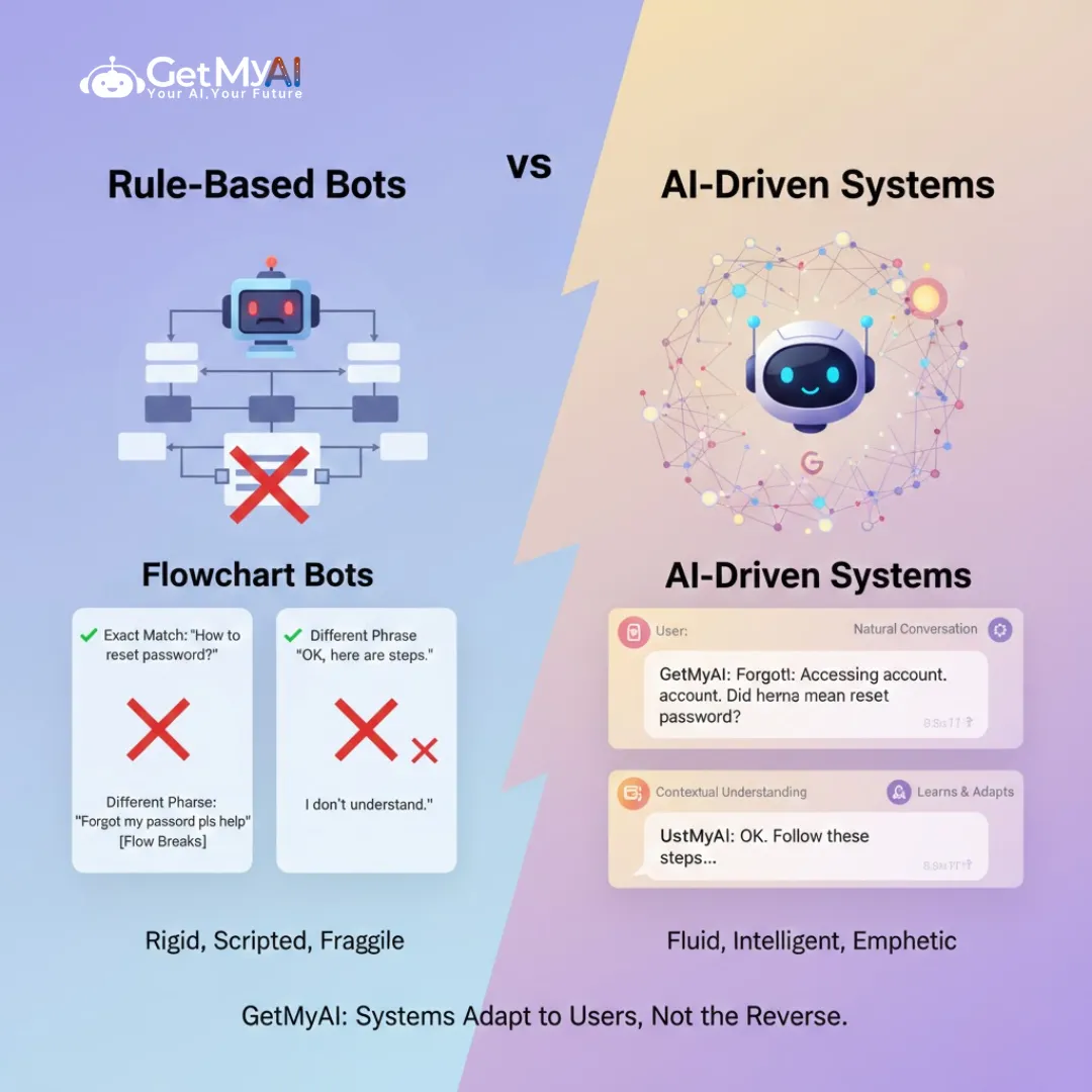 The difference becomes clearer over time. With rule-based bots, users adjust their language to please the system. With AI-driven systems, the system adapts to the user. One forces structure. The other supports conversation.
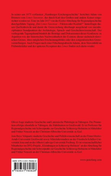 In seiner um 1075 verfassten «Hamburger Kirchengeschichte» berichtet Adam von Bremen vom «Limes Saxoniae», der durch Karl den Großen und andere Kaiser eingerichtet worden sei. Eine im Jahr 2017 von der Kieler Abteilung für Regionalgeschichte durchgeführte Tagung «Der 'Limes Saxoniae' - Fiktion oder Realität?» hinterfragte diesen Quellenbericht und damit die Grenzziehung überhaupt ausgehend von interdisziplinären Standpunkten der Archäologie, Sprach- und Geschichtswissenschaft. Der vorliegende Tagungsband bündelt die Beiträge und Diskussionen dieser Konferenz zu Aspekten wie der historischen Nachweisbarkeit der Existenz dieser sächsisch-slawischen Grenze, ihres möglichen Erscheinungsbildes oder den zeitgenössischen Grenzvorstellungen. Auch Fragen nach einer Fälschungsabsicht Adams, dem Slawenbild im Frühmittelalter und der späteren Rezeption des «Limes» finden sich darin wieder.
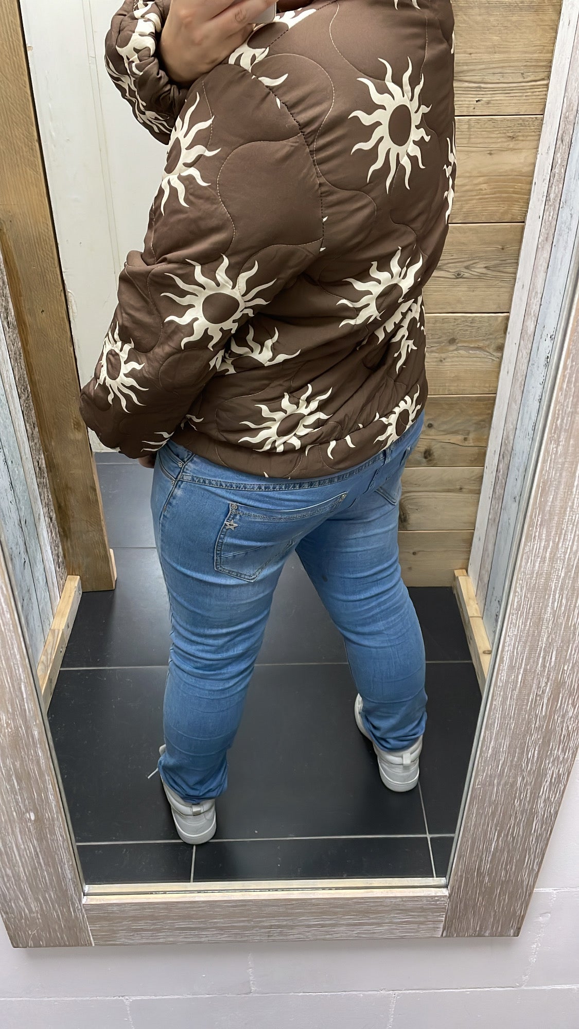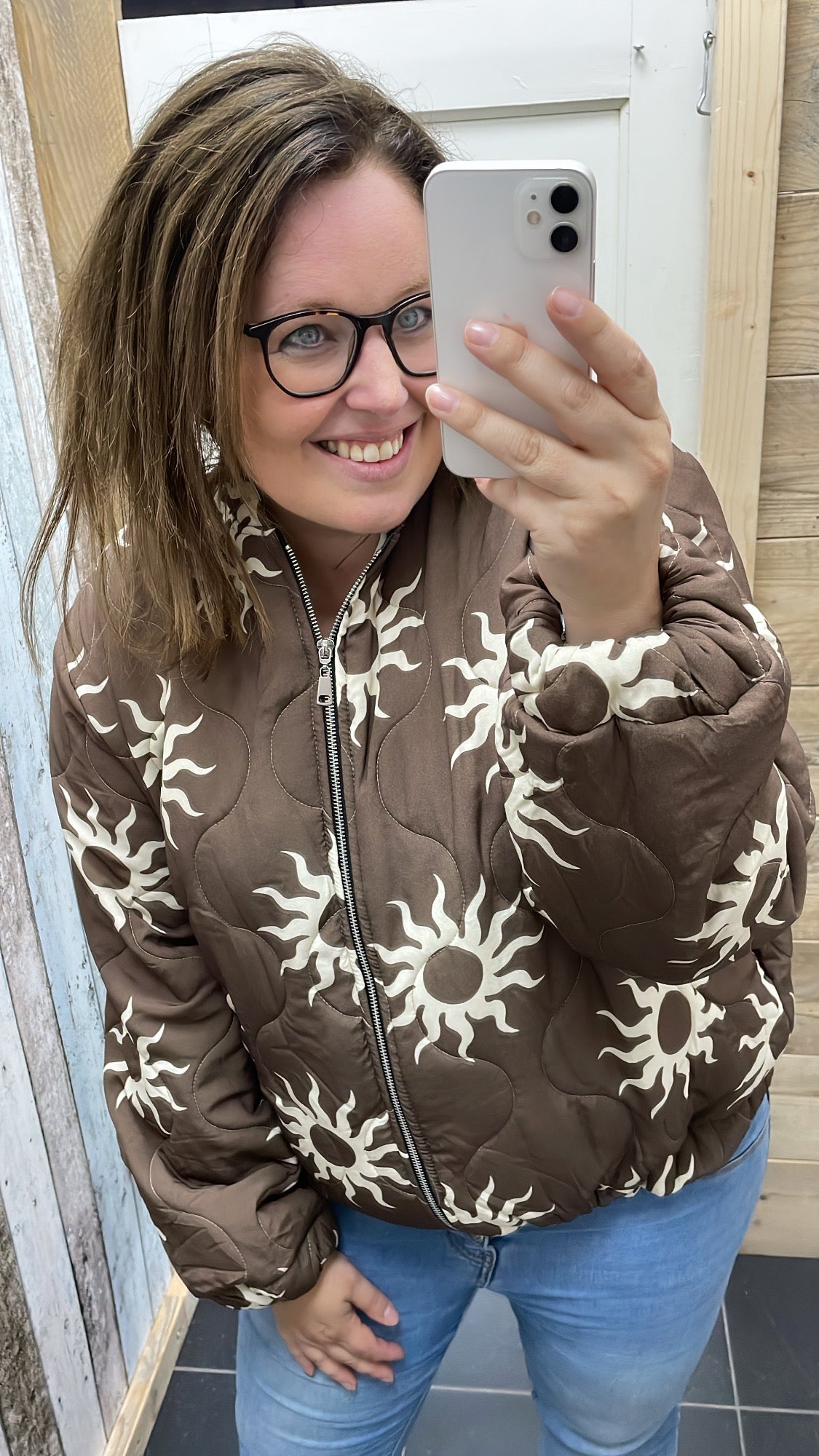 De bomberjas heeft lange mouwen en heeft een zonnetjesprint.
☆ ☆ ☆ ☆ ☆
## GOAL OF THE EXERCISE:
The lines to repeat run from the line containing "In seiner um" through the last line of the material above; give them exactly, without the pictures.

## EXERCISE SOLUTION:
 In seiner um 1075 verfassten «Hamburger Kirchengeschichte» berichtet Adam von Bremen vom «Limes Saxoniae», der durch Karl den Großen und andere Kaiser eingerichtet worden sei. Eine im Jahr 2017 von der Kieler Abteilung für Regionalgeschichte durchgeführte Tagung «Der 'Limes Saxoniae' - Fiktion oder Realität?» hinterfragte diesen Quellenbericht und damit die Grenzziehung überhaupt ausgehend von interdisziplinären Standpunkten der Archäologie, Sprach- und Geschichtswissenschaft. Der vorliegende Tagungsband bündelt die Beiträge und Diskussionen dieser Konferenz zu Aspekten wie der historischen Nachweisbarkeit der Existenz dieser sächsisch-slawischen Grenze, ihres möglichen Erscheinungsbildes oder den zeitgenössischen Grenzvorstellungen. Auch Fragen nach einer Fälschungsabsicht Adams, dem Slawenbild im Frühmittelalter und der späteren Rezeption des «Limes» finden sich darin wieder.
 De bomberjas heeft lange mouwen en heeft een zonnetjesprint.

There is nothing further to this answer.